Home | Connectors | MediaValet | MediaValet - Prodigy Integration and Automation
Data flow: MediaValet ? Prodigy
Marketing, product, or operations teams store approved images and video frames in MediaValet, then automatically send selected assets to Prodigy for labeling. This is useful when organizations want to build computer vision models using brand-approved, high-quality visual content such as product images, packaging, store shelves, or field inspection photos.
Data flow: MediaValet ? Prodigy ? MediaValet
MediaValet can provide a stream of assets that need improved tagging, while Prodigy is used to label objects, scenes, products, or text within those assets. The resulting annotations can be pushed back into MediaValet as enriched metadata to improve search, filtering, and asset discovery.
Data flow: MediaValet ? Prodigy
Organizations with large collections of event photography, employee portraits, or talent imagery can use MediaValet as the controlled source of approved images and Prodigy to label faces for training facial recognition or identity verification models. This is especially valuable for regulated industries, internal security use cases, or media organizations managing large archives.
Data flow: MediaValet ? Prodigy
Brand and compliance teams can select approved and non-approved creative assets from MediaValet and send them to Prodigy for annotation. Labels can identify logo usage, color palette violations, outdated messaging, missing disclaimers, or incorrect product representation. These labels can then train models that automatically flag non-compliant content before publication.
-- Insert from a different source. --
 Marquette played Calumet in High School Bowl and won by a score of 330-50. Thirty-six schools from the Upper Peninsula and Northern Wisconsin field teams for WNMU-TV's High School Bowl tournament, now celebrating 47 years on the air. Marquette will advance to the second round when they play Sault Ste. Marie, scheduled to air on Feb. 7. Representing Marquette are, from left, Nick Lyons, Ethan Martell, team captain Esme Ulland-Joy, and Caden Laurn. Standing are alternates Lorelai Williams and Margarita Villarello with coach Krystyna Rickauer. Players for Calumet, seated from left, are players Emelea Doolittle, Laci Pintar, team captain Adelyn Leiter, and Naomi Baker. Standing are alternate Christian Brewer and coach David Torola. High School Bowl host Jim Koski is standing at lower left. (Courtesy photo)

Data flow: MediaValet ? Prodigy ? MediaValet
When organizations share assets externally through MediaValet, Prodigy can be used to label content categories such as sensitive imagery, confidential documents, restricted logos, or regulated claims. The trained model can then classify new assets before they are shared, helping teams prevent accidental disclosure or policy violations.
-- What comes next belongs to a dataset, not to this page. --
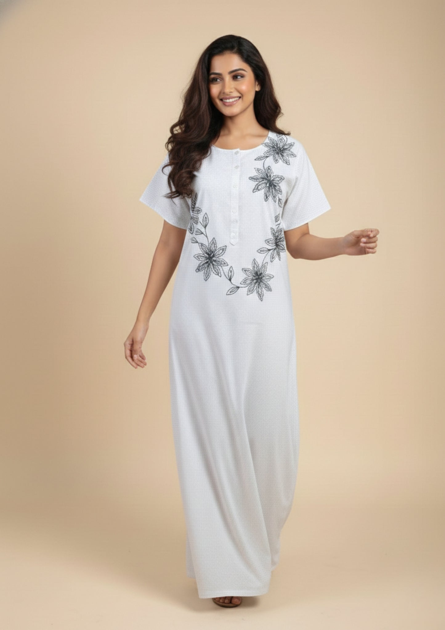 The Noir Bloom Embroidered Night Dress is designed for women who appreciate quiet luxury and understated elegance. Crafted in a soft, breathable fabric, this night dress drapes gently over the body, offering a feeling of lightness and comfort through every moment of wear.

Data flow: MediaValet ? Prodigy
MediaValet often contains documents, presentations, product sheets, and campaign copy that can be used to build NLP datasets. These files can be routed into Prodigy for annotation of entities, topics, sentiment, claims, or intent. This enables teams to train custom language models for content classification, search, or document intelligence.
Data flow: Bi-directional
Prodigy?s active learning workflow can identify the most informative samples to label next, while MediaValet supplies the latest approved assets or content updates. As new assets are added to MediaValet, they can be prioritized in Prodigy for annotation, and the resulting labels can be fed back to improve both the model and the asset metadata over time.
Data flow: MediaValet ? Prodigy ? MediaValet
MediaValet can act as the controlled repository for source assets, while Prodigy provides the annotation workspace for subject matter experts, marketers, or compliance reviewers to label content without needing direct access to raw data systems. Final labels, review outcomes, or classification results can be written back to MediaValet for auditability and future reuse.